I believe in inspiration. My second year of high school I found my inspiration in Kayla, a Down’s syndrome teen with wiry brown hair, chapped, dry lips and narrow hazelnut eyes. We first met when I signed up for a class where special needs students would go to activities with teens like me, ones without special needs. As I walked into the room that first day I was taken back by Kayla as she warmed the room with her crooked smile, goofy laugh and astoundingly positive attitude. Within minutes Kayla and I were a pair.

While the first day progressed, I got to know a lot about Kayla. I learned that she could recite the entire movie Aladdin verbatim, that she had a unique way of finger painting (it was all in the thumbs) and that she was a love-struck teen, always looking for her next catch. I realized that she would always tell you what was on her mind; whether it was that she thought your hair looked horrible that day, or that one of her classmates smelled badly. Kayla’s ability to speak her mind and to act as her own individual was, to me, inspirational.
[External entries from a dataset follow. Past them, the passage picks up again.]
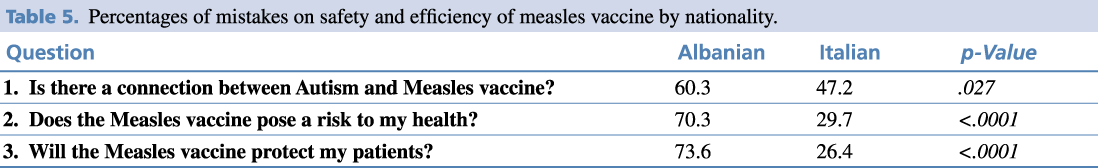No significant differences in relation to gender were found. Albanian students showed less trust in safety and efficiency of the measles vaccine (Table 5).
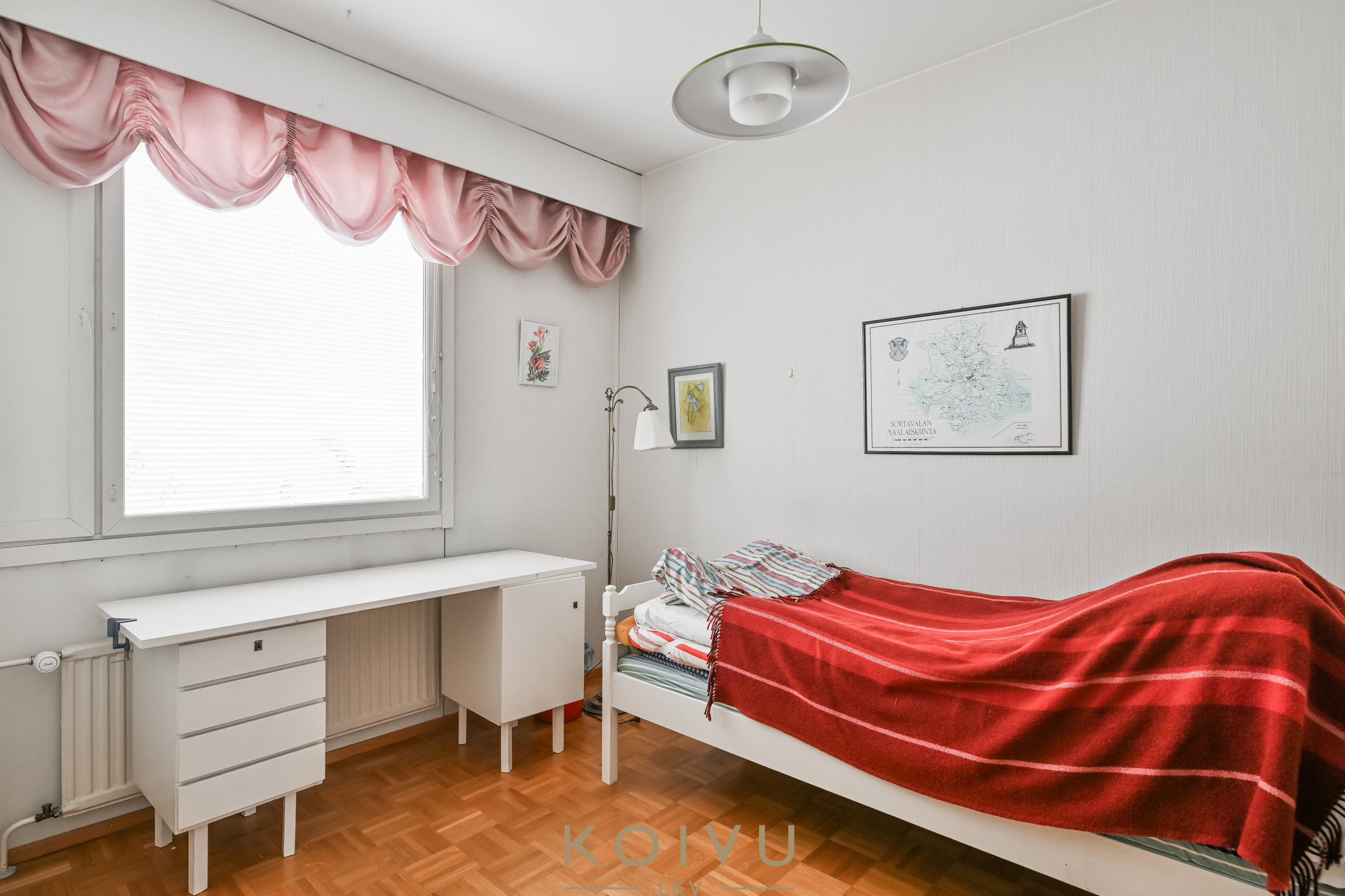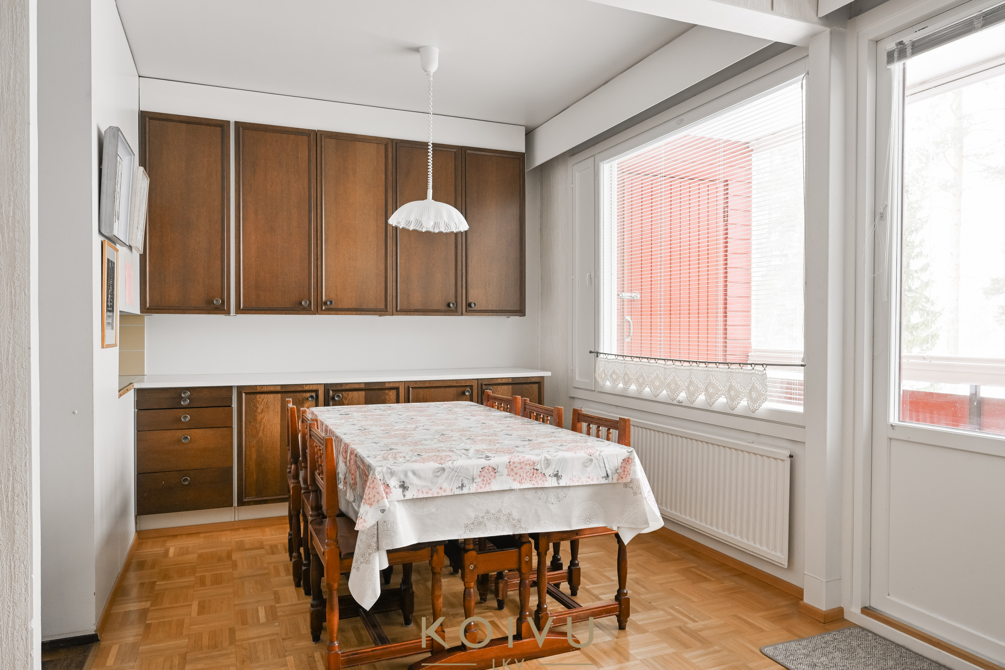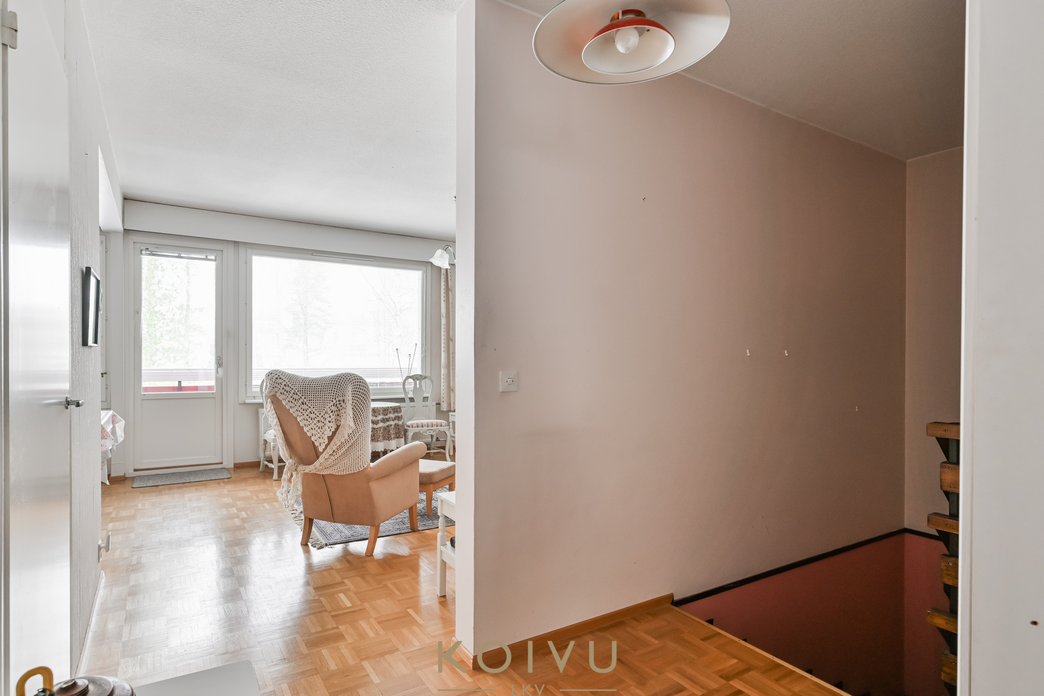 Huhtasuon asuinalueen takaosassa sijaitsee tämä vuonna 1976 valmistunut kaksitasoinen päätyasunto, jossa on poikkeuksellisen paljon tilaa ja hyvä perusta pitkäaikaiselle kodille. 131 m², neljä makuuhuonetta, asunnon levyinen lasitettu parveke sekä suuret varastotilat tekevät kokonaisuudesta käytännöllisen ja monella tavalla toimivan.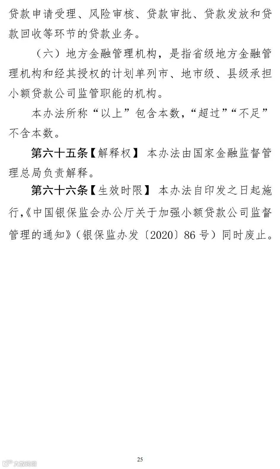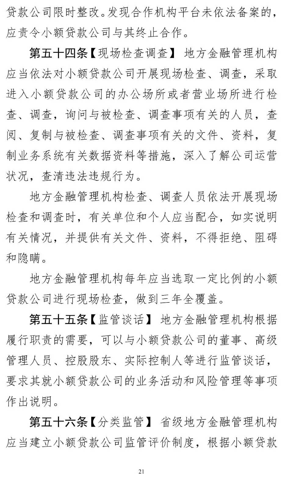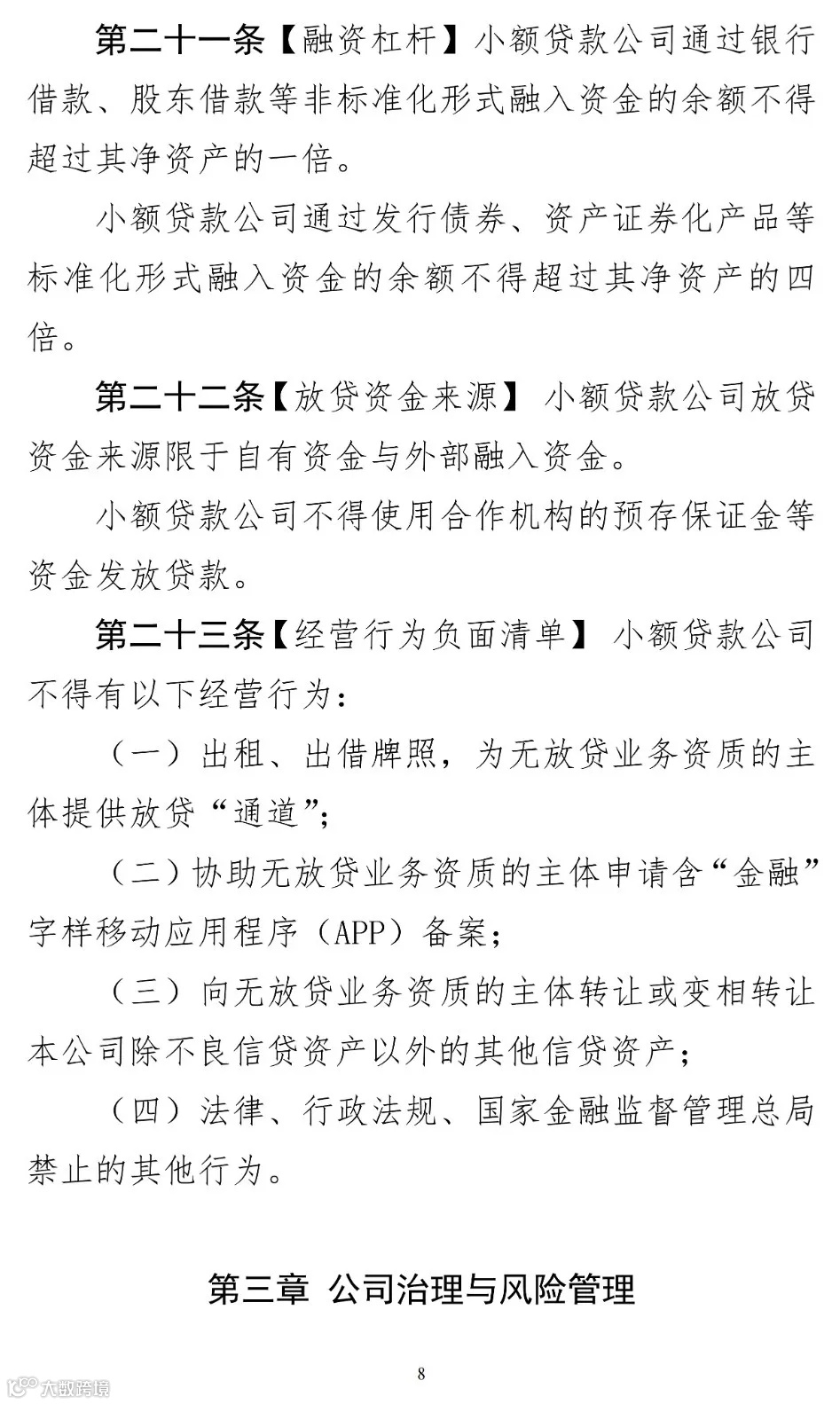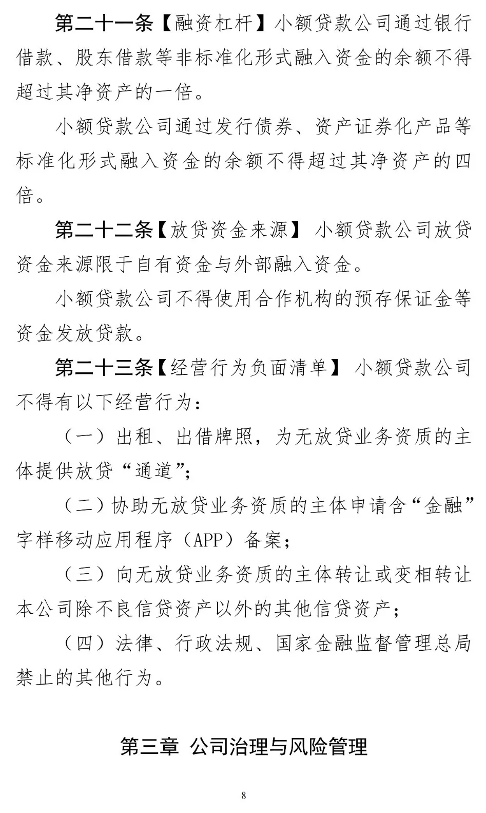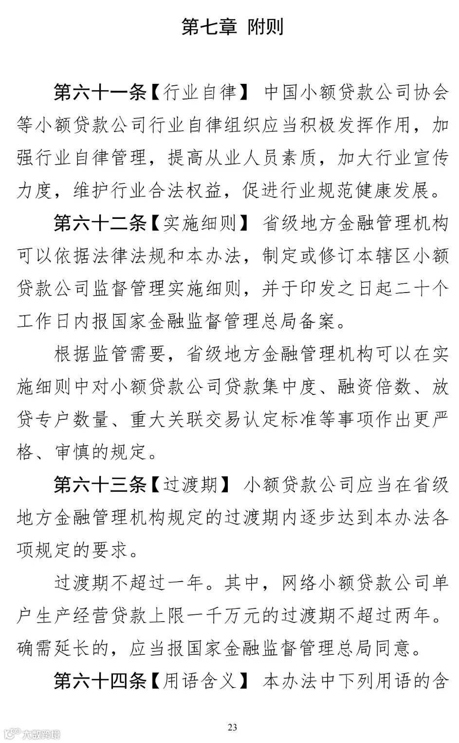 为规范小额贷款公司行为,加强监督管理,促进小额贷款公司稳健经营、健康发展,国家金融监督管理总局研究制定了《小额贷款公司监督管理暂行办法(征求意见稿)》(以下简称《暂行办法》),日前正式向社会公开征求意见。《暂行办法》共七章、六十六条,分别为总则、业务经营、公司治理与风险管理、消费者权益保护、非正常经营企业退出、监督管理、附则。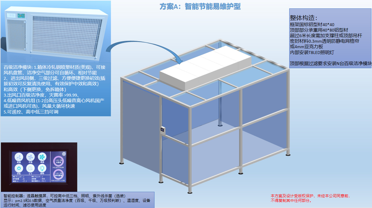 2.與土建式或裝配式百級潔凈室相 比,投資少,見效快,安裝簡便,運(yùn)行費(fèi)用低。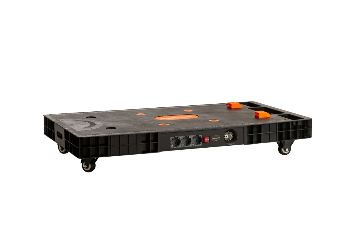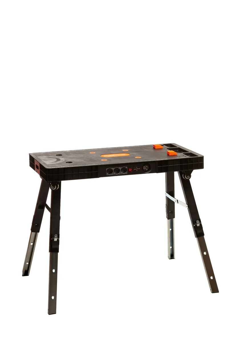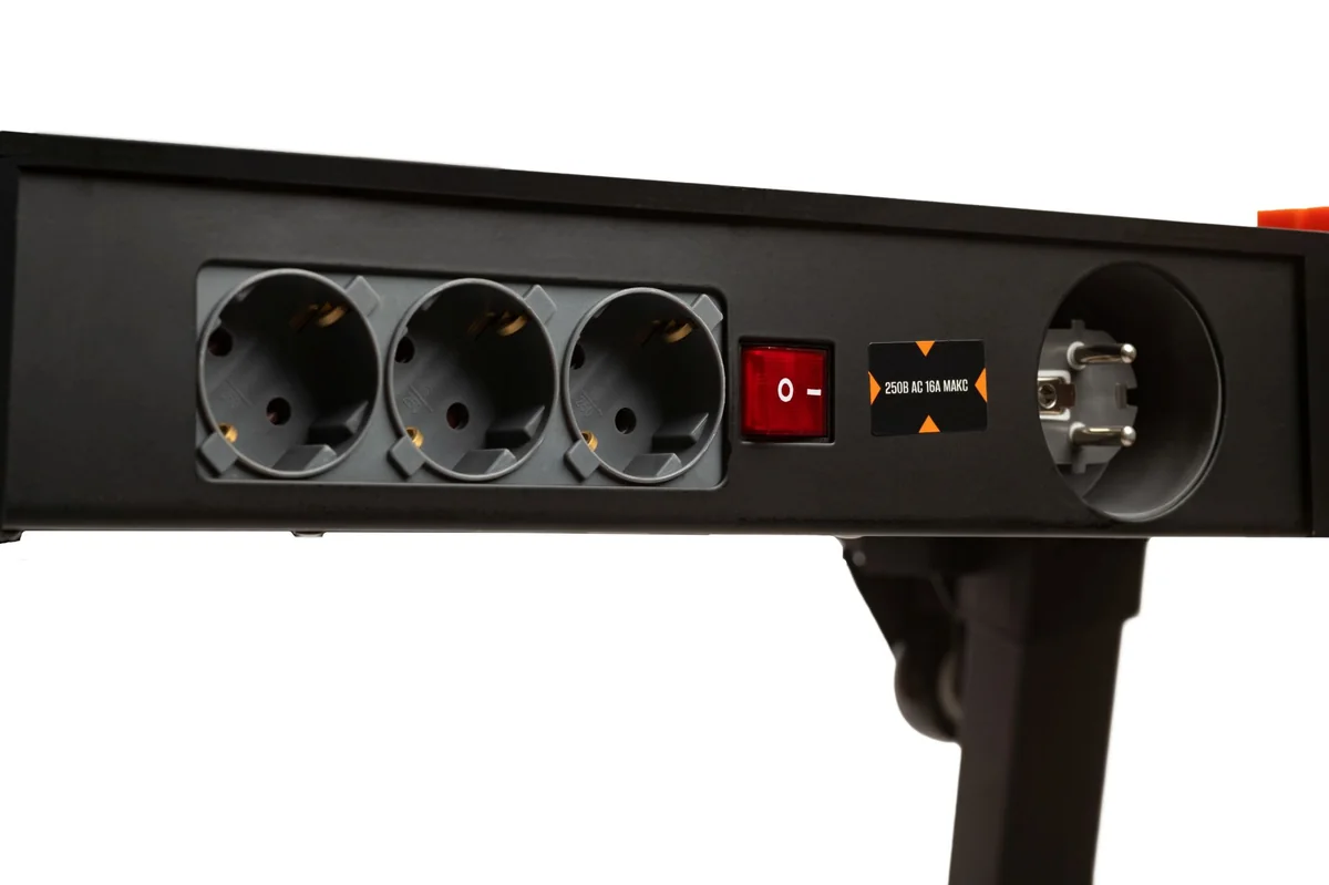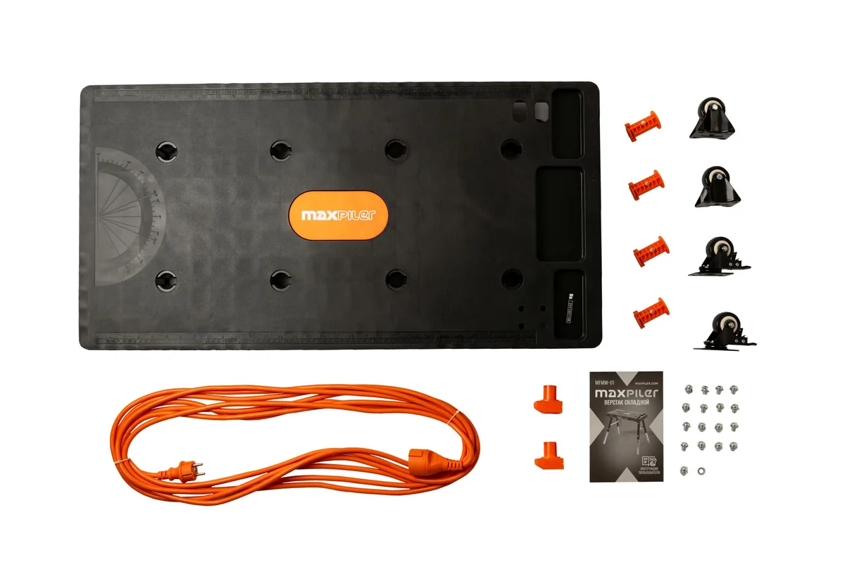 Верстак, ролик поворотный (2 шт.), ролик фиксированный (2 шт.), упор пластиковый (2 шт.), соединитель быстроразъемный (4 шт.), блок розеток, удлинитель, руководство по эксплуатации, коробка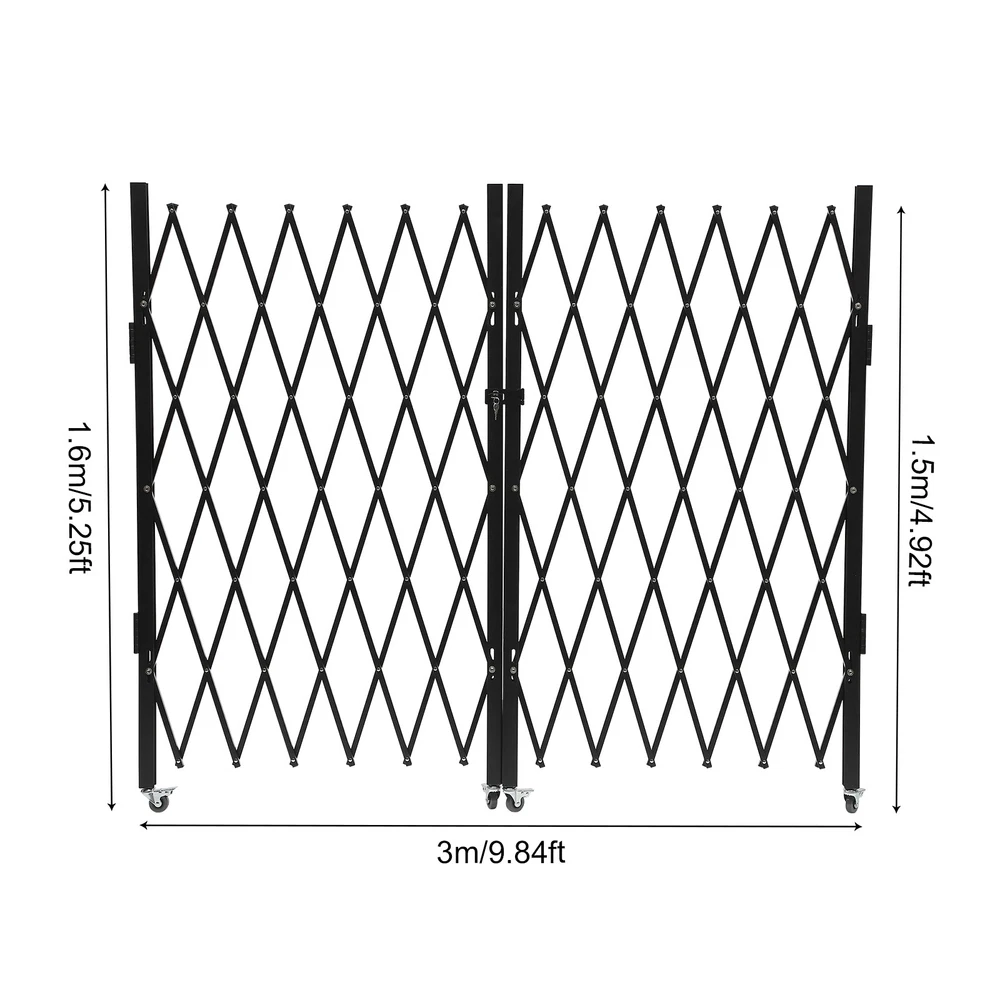 Specifications Color: Black Material: Iron, Aluminum Alloy Process: Plastic Spraying Shape: Rectangle Pattern: Diamond Style: Modern Special Feature: Expandable Door Type: Double Folding Door Mounting Type: Wall Mount Expanded Size(H*W): 1.6*3m/5.25*9.84ft Package Size: 37*166*8cm/14.56*65.35*3.15inch Net Weight: 18.6kg/41 lbs Gross Weight: 20.8kg/45.85 lbs Package Included 1* Double Folding Security Gate 2* Keys 1* English Manual Other Accessories for Installation. Folding Security Gate Rolling Flexible Expanding Security Barricade Door 1.6*3m Description Description A double-folding security gate is an excellent tool to effectively secure your high-traffic hallways or entryways in any business or industry. Our product features high-quality, sturdy construction, and foldable design, allowing for long-term and convenient use. The safety lock design increases security and four universal wheels ensure flexible movement&safe fixation. It can be set up in a very short time, and you can buy more to form a barrier of any length. Key Features Build to Last: This security gate consists of iron edge columns and aluminum alloy grids with a plastic spraying process to enhance durability. It is corrosion-resistant, anti-rust, and high-strength. Double Foldable Design: It is fully foldable and can be rotated 180° to form&keep an unobstructed opening and complete closing and the aluminum alloy grids allow for convenient pushing and pulling. The foldable design also ensures convenient transport and storage. Security Guardian: The security gate with a lock&lock hasp and two keys provides an entrance in the daytime and increases security at night while maintaining its visibility and allowing unobstructed air circulation, especially for your garage and high flow corridors/entrances of businesses/industries. It also prevents most animals from entering your house. Flexible Movement: The 4 universal wheels (fully equipped with brakes) on the bases allow for easy movement and safe fixation. And the raised bottom can prevent scratching the floor. Modern Appearance: The smooth streamlines, diamond patterns, and versatile black color give this gate a stylish and modern appearance, and the double-door design adds the beauty of symmetry to it. You can hang up some flower baskets or piles of canes on the fence to obtain the visual enjoyment of beauty. Simple Installation&Use: The equipped mounting accessories, simple structure, pre-made hinges, and English manual provide a breeze installation and hassle-free use for you. It can be recessed or surface-mounted. You just drill some holes and install this product correctly on the cement or concrete wall. Easy to Clean: Because of the smooth surface with a plastic spraying treatment, you can wipe the dirt from this product with a wet cloth. Protective Package: To prevent the product from being damaged and bumped during transportation, we packed it with pearl cotton to protect your products to the maximum extent possible. Buy with Confidence: We have been working hard to provide better service and quality for our customers, which is our goal. If there is any problem with our products, please contact us in time. Details Stainless Steel Rivets: The stainless steel rivets, which are corrosion-resistant, reinforce the construction of the security gate and extend its service life. Smooth Edge: The burr-free&smooth edge adds beauty&texture to this product, avoids hurting your hands, and improves the use safety. Application This product can be used as safety doors, and barricade gates seeking protection, and defense. It is suitable for basements, garages, storefronts, kindergartens, schools, shopping malls, hotels, parking lots, parks, gardens, factories, courtyards, power construction sites, construction sites, and other domestic and industrial sites to enhance security. Specifications Color: Black Material: Iron, Aluminum Alloy Process: Plastic Spraying Shape: Rectangle Pattern: Diamond Style: Modern Special Feature: Expandable Door Type: Double Folding Door Mounting Type: Wall Mount Expanded Size(H*W): 1.6*3m/5.25*9.84ft Package Size: 37*166*8cm/14.56*65.35*3.15inch Net Weight: 18.6kg/41 lbs Gross Weight: 20.8kg/45.85 lbs Package Included 1* Double Folding Security Gate 2* Keys 1* English Manual Other Accessories for Installation. Notes Please note whether its size and grid size are what you need. This security gate can be installed on cement/concrete walls, metal side columns, or wood columns provided that it can be used with hinges. Please wear gloves (not included) when installation. Please read the operating manual completely before use. And pay particular attention to the safety instructions included. Please allow the slight color difference caused by the shooting light and 1-3cm error due to manual measurement, and make sure you do not mind before you order. Payment Delivery details Terms of sales About us Contact us Payment We accept ebay payment 。 Fees such as import duties, taxes are not included in the item price or shipping costs. These charges are the buyer's responsibility. Delivery details Shipping: 2-9 working days to: USA Terms of sales We maintain high standards of excellence and strive for hundred percent customer satisfaction. Feedback is very important to us. We hope that you contact us immediately before you give neutral or negative feedback, so that we can address your concerns. It is impossible to address issues if we do not know about them! About us Your satis faction is our ultimate goal. We work hard to earn your trust and future business. Our certified technicians have tested each item before shipping. The unit comes with 1 year limited warranty on all manufacturing defects. a) If you receive a defective item, you may return it or ask for a discount. Please contact us within 14 days after you receive the package. b) What you returned must be intact and in its original packaging as re? u. Customer is responsible for shipping costs of the returned

In addition to Kayla’s peculiar attributes, I also became aware of her home life. From birth Kayla had been moved around from one family member to another; starting off in the hands of her mother, and finally landing in her uncle’s at age 5. Kayla had been exposed to one of the hardest things at an incredibly early age, rejection. Because the rejection she had received was from females, them being the ones that had abandoned her, Kayla had a particularly hard time trusting women. As a result, it took us a long time to become comfortable with one another. Still, I slowly watched as Kayla began to accept myself and other women as who they are rather than dismissing them because of their gender.

Kayla’s progress was inspiring. To think that a 17 year old with Down’s syndrome could successfully become accepting of others was admirable. To think that Kayla could look past what she had been taught all her life and become better for it helped me realize that maybe it was time for me to re evaluate myself as well.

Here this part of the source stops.